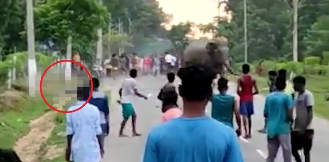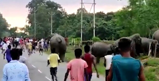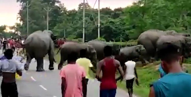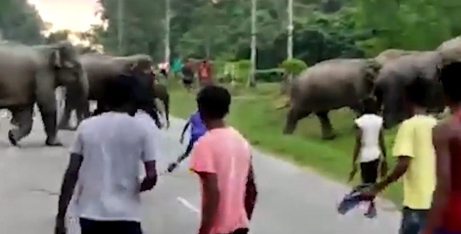 As imagens chocantes foram registradas no nordeste da Índia, no estado de Assam. Elefantes em busca de comida passaram por uma estrada e interromperam o fluxo de trânsito, ocupado principalmente por agricultores de uma plantação de chá
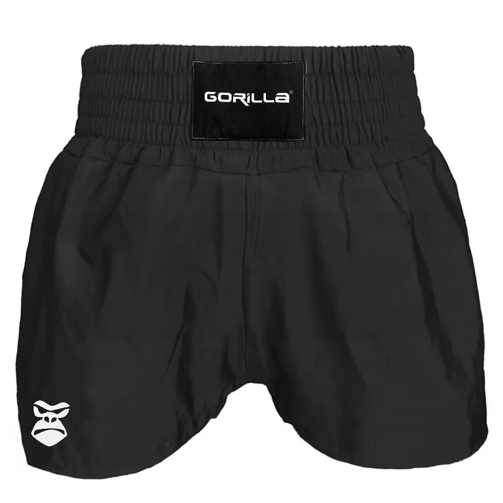 Shorts Muay Thai Masculino Preto Luta Treino Curto Competição Artes Marciais Bermuda Unissex Tactel Premium Elastano Cintura com Elastico Jiu Jitsu Boxe Conforto Flexibilidade Esporte Tecnologia Secagem Rápida Original Gorilla Presente Natal Amigo Secreto
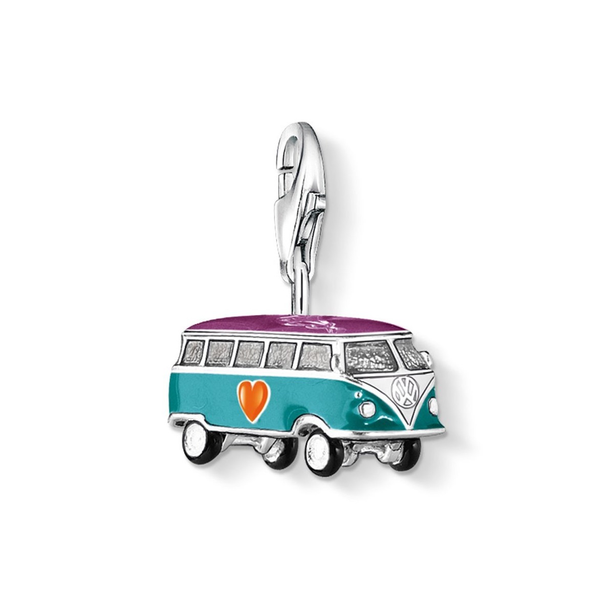 VW-Bus Anhänger 925 Sterlingsilber und Emaille Club Linie Creme, gelb, Orange, schwarz und lila

### Task details
Only the lines from the one holding "Shorts Muay Thai" through the end of the data are to be printed, exactly as they stand and with no pictures.

### Your solution
 Shorts Muay Thai Masculino Preto Luta Treino Curto Competição Artes Marciais Bermuda Unissex Tactel Premium Elastano Cintura com Elastico Jiu Jitsu Boxe Conforto Flexibilidade Esporte Tecnologia Secagem Rápida Original Gorilla Presente Natal Amigo Secreto
 VW-Bus Anhänger 925 Sterlingsilber und Emaille Club Linie Creme, gelb, Orange, schwarz und lila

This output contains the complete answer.